Means of interaction. A visual feedback of communication with the server is indicated with a emitted circle in the s·nr logo (Fig. 2a). Calculating the PCA based on the currently selected genes is triggered with the only button integrated with the plot (Fig. 2b) Hovering over an experiment icon opens a context menu showing meta-data about the experiment (Fig. 2c). For public experiments, this also provides a link to the repository or the publication associated with the experiment to follow up more details. Clicking on a experiment icon pulls the associated data from the server and colorizes the icon indicating the loading status. The experiments can then be investigated further in the details view.

The details view is the core of s·nr. It consists of three components (Fig 3a–c).

Fig. 3
figure 3

Details view for five mouse data sets with open GO term pane. The details view consists of three major interconnected components (ac). Additionally, the GO term pane (d) is open. a The focus experiment is depicted in the large scatter/hex plot. b Further data sets are visualized in the small multiples of the large scatter plot. c The table view shows detailed information per gene for the main experiment. d The GO term pane shows GO terms for the selected genes and associated options. Opening a GO term displays additional information about the term as well as the expression of it in the context experiments. Each GO term is represented using a GO plot which can be customized in the panes options. We depict a typical interaction example at the bottom, where brushing (selecting) genes in the main scatter plot leads to highlighting the corresponding genes in the context experiments and also automatically triggers a GO-term analysis of the selection

(1) Main scatter plot of the focus experiment. The focus experiment is displayed as large scatter plot in the center of the user interface (Fig. 3a). Initially the scatter plot shows a volcano plot [17] showing −log10(pValue) against foldchange. To avoid a cluttered visualization when rendering all genes as dots we incorporate a binned aggregation visualization [18] dividing the space in hexes and counting the number of genes falling into each hex. The fill color of the hex maps represents the number of genes it contains. Genes are rendered as dots either when a gene is selected in a different view to show context information or when the total number of genes to render is below 5.000. The user has the option to always render genes as dots using the scatter plot option menu. The dots are rendered semi-opaque to counteract over-plotting, rendering populated areas darker. By spanning rectangles on click, the user can brush genes in the scatter plot. The default behavior is to zoom in on the selected genes to see the selected elements in detail and refine the selection further. The selection will be linked to all other views described below. On mouse-over a gene, that gene is highlighted, triggering a pop-up context window showing details about the gene, its statistics and meta-data. Highlighted genes are also linked to all views, showing as much context information as possible. Through various options, the user can change the transformation of the scale of the axes (linear, -linear, log2, -log2, log10, -log10, sqrt, -sqrt) as well as zooming behavior (always show whole range or only selected range) and rendering-related options such as always drawing genes as dots.
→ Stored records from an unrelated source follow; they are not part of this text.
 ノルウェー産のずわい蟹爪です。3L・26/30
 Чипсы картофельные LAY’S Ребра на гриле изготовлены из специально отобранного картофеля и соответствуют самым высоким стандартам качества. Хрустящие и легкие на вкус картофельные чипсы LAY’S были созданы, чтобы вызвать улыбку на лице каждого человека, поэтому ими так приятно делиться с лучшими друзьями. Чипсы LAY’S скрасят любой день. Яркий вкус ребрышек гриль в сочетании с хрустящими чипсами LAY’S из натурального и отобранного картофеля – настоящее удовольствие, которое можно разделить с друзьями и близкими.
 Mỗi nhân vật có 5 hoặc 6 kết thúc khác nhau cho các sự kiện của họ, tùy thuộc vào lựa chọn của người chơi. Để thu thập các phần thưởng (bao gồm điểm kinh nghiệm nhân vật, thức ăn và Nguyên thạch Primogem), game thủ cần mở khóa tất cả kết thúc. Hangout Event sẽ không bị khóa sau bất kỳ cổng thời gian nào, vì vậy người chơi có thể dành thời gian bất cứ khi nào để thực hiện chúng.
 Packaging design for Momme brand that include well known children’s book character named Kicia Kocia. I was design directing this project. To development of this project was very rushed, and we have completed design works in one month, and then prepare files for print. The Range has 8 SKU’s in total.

(2) Small multiples of context experiments. We want to display the context experiments in a way to show as much information related to the focus experiment as possible while occupying little screen and cognitive space (Fig. 3b). Small multiples [19] are a series of graphics sharing the same axis and scales allowing for easy comparison. We incorporate this idea for the context experiments to display them according to the focus experiment representation. The small multiples share the visual features of the main scatter plot rendering it a hybrid visualization of hex- and scatter plots. They also share the main plot x- and y-axis as well as the transformation. The icon in the heading of each small multiple allows to match it with the experiment it represents.
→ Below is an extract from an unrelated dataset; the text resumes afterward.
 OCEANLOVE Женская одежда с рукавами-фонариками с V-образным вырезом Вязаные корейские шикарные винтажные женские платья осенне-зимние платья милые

The strength of the small multiples approach becomes evident when a subset of genes is selected, e.g. by brushing them in the main scatter plot. The small multiples do not zoom into the selected area but rather show all selected genes as highlighted (more opaque and bigger) dots. This simple yet effective method allows users to rapidly check different sets of genes along multiple data sets. If, for example, only the up-regulated genes below a specific p-value in the default volcano-plot are selected, the small multiples show the regulation status in the context experiments (Fig 3a, b).
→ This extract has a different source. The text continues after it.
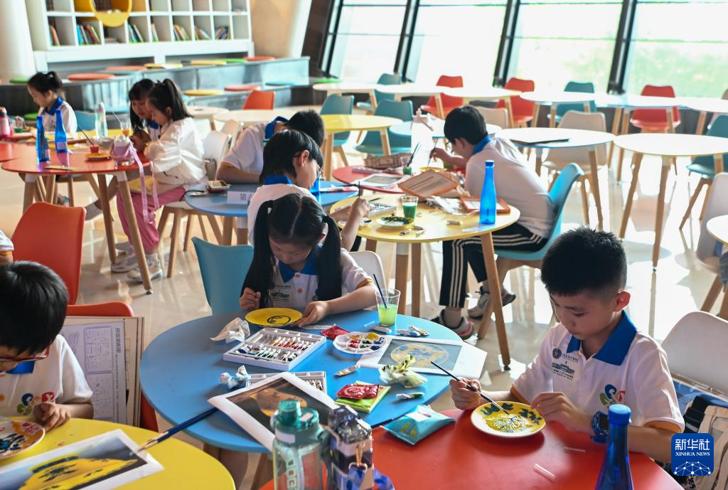 7月29日,在国家海洋博物馆,学生们在体验绘制外销瓷。

By clicking on the description header of a small multiple, that experiment will be set as focus experiment moving the current one to a context experiment. This allows for rapid switches between experiments when new hypotheses arise from the investigation. This is useful for investigating a potentially interesting public experiment that was found using the PCA overview visualization in detail.

(3) Data table. All interview partners reported extensive use of office spreadsheet applications for navigating and filtering experiments. While this may not be the most efficient way of looking at the data, it is still one the users of s·nr potentially have years of experience in, rendering them efficient in consuming data through tabular representations. The data table view (Fig 3c) facilitates this interface and incorporates it into the whole analysis workflow as one essential steering point.

The data table view shows all available information for each entry of the focus experiment. Furthermore, filter can be applied through the input fields in the table header. The filter is made of two components, (1) the comparison operation button and (2) the input field. For numerical variables, the operation button can take the values <,> and =, which are applied on the input field. For example, input for p-value <0.005 selects all genes consisting of small p-values. Categorical variables only work on the = comparison, triggering a string matching on the input field. Analogously to filtering in the main scatter plot, the filter is applied to all visible representations, limiting the list to the filtered entries and highlighting the genes in the scatter plots.

Next to providing a tabular data representation and filtering on multiple dimensions at once, the data table view serves as input for the dimensions mapped to the x- and y-axis of the scatter plots. Clicking on a dimension name in the table puts it on the x-axis of the scatter plots and moves the current x-axis to the y-axis. This allows for rapidly changing the perspective on the experiments without adding user interface elements. Starting with the initial volcano plot, the user can for example change the plot to fold change against base mean with just two clicks. This works well with the adjustable scale transformation function of scatter plots. The table view can apply filter thresholds while the scatter plot also allows for defining filter ranges.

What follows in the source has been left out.